The 1994 guideline was developed independently of this study by the three clinical societies and was published as a clinical practice guideline by the US Agency for Health Care Policy and Research.25 The 1994 guideline was limited to “healthy” children from their first birthday until before they turn 4 and suggests that insertion of a tympanostomy tube is optional after three months of persistent effusion with bilateral hearing loss and is recommended after four to six months of bilateral effusion.

Analysis

We mapped each child to the detailed clinical scenario rated by the panel that was consistent with the details of the clinical history. We mapped children with both acute otitis media and otitis media with effusion to two clinical scenarios, one for which acute otitis media predominates and one for which otitis media with effusion predominates. The scenario with the higher (more appropriate) rating yielded the appropriateness rating for that particular child’s tympanostomy. We considered surgeries identified as appropriate or uncertain to be concordant with the explicit criteria; others were discordant.

We also compared practice with the 1994 academy guideline, which was the guideline in force at the time of our data collection. As no national guidelines on the surgical management of acute otitis media exist, we limited our analysis to children with otitis media with effusion. We considered surgeries that were either recommended or optional to be concordant with the academy guideline.

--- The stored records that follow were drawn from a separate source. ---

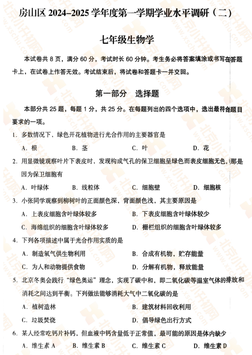 2025-2026学年(上)房山区初一期末生物试卷及答案预计在2026年1月出炉!家长可先下载去年期末试题,练习提升!新试卷公布后将更新在本页面,建议(Ctrl+D)收藏本页面!
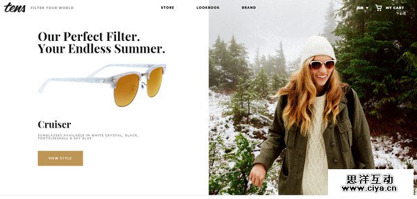Tenslife 也是一个采用了非传统式的页面布局的在线商店,其中精致而美观的细节保持了风格的一致性和。两栏式布局包含了所有有用的信息,不仅展示了产品的美妙之处,还让用户同时可以获取产品信息,虽然内容很多,但是一点都不凌乱。
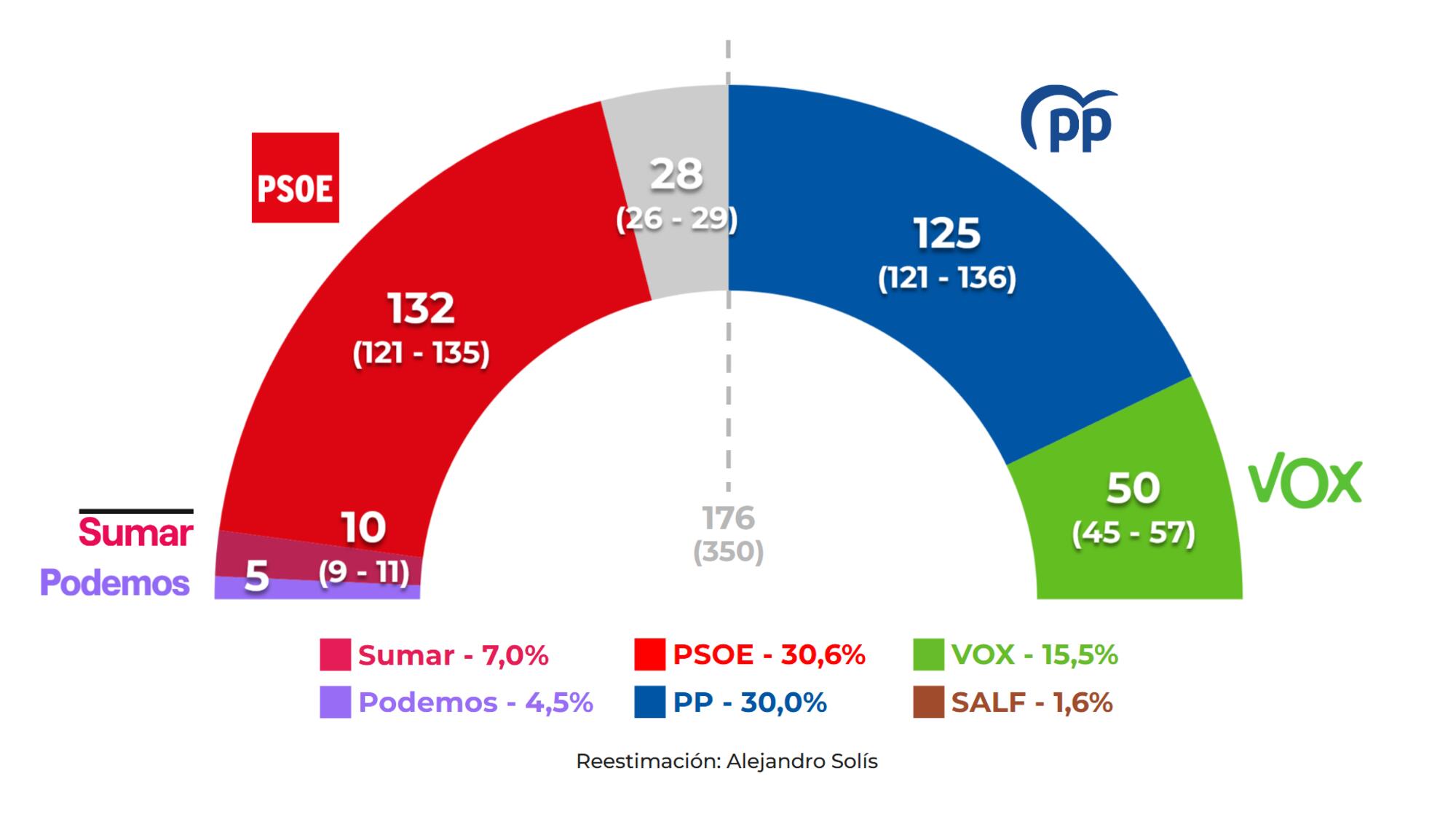 Por otro lado, la situación del PSOE no ha mejorado especialmente. Aunque es cierto que se han convertido en el partido con el electorado más fiel —y de ahí su robustez en torno al 30% de los votos— no están sabiendo movilizar al resto de votantes ni captar a los votantes descontentos con Sumar y Podemos, que no se van al PSOE, sino a la abstención. De ahí la igualdad entre el PP y el PSOE. Ambos en el entorno del 30% de los votos y con una horquilla de escaños que oscila entre los 120 y los 135 escaños.

We also examined how alternatives to our expert panel’s judgment would affect the appropriateness ratings for the treatment of children with acute otitis media. Finally, we looked at the relation to appropriateness of the presence of conditions that would place a child at risk for poor outcomes, a history of tympanostomy tube surgery, and other procedures done at the time of tympanostomy tube surgery.5

We used χ2 tests to examine differences in appropriateness ratings between hospitals and subpopulations of children. Statistical analyses used Stata Statistical Software version 9.2.

Results

Patients’ characteristics

All children had a primary care provider, 99% of whom were paediatricians. Their mean age was 3.8 years, and 61% were white. Nearly three quarters had private insurance, and less than 5% were uninsured. More than a quarter (26.5%) of children had previously received tubes, and 21.7% had another surgery done concurrently with the insertion of a tympanostomy tube; 17.3% of children had a clinical condition that could be considered to place them “at risk” of poor developmental outcomes (table 1). Children with acute otitis media on average had about three infections in the six months before tympanostomy. Children with otitis media with effusion had less than 30 consecutive days of bilateral effusion before tympanostomy (table 2). Only 25% of children with otitis media with effusion had bilateral effusions of more than 49 days’ duration at surgery. More than a quarter of children who had surgery had normal audiograms.27

Table 1.

 Sociodemographic and clinical characteristics. Values are numbers (percentages) unless stated otherwise

Characteristics Value (n=682)
Mean age (years) 3.8
Median (range) age (years) 3.3 (0.5-13.6)
Female 292 (42.8)
Race:
 White 416 (61.0)
 Black 44 (6.4)
 Hispanic 82 (12.0)
 Other (Asian, Pacific Islander ) 39 (5.7)
 Not reported 101 (14.8)
Insurance:
 Medicaid 142 (20.8)
 Private 511 (74.1)
 Other* 29 (4.2)
Previous tubes 181 (26.5)
Any procedure at time of tube insertion† 148 (21.7)
At risk conditions‡ 118 (17.3)
Any abnormal audiogram during entire year 495 (72.5)
Speech delay 195 (28.5)
Marked otoscopic findings§ 23 (3.3)
Severe disruption of family life 15 (2.2)
History of unilateral or bilateral otitis media 254 (37.3)

*Self pay and no data.

†Includes otoscopy, external ear incision, tympanoplasty; head and neck procedures include laryngoscopy, tracheotomy, tooth extraction, ophthalmoscopy, and anaesthetised eye examination among other procedures; below neck procedures include venous catheter placement, hernia repair, circumcision, and orchiopexy among many other procedures.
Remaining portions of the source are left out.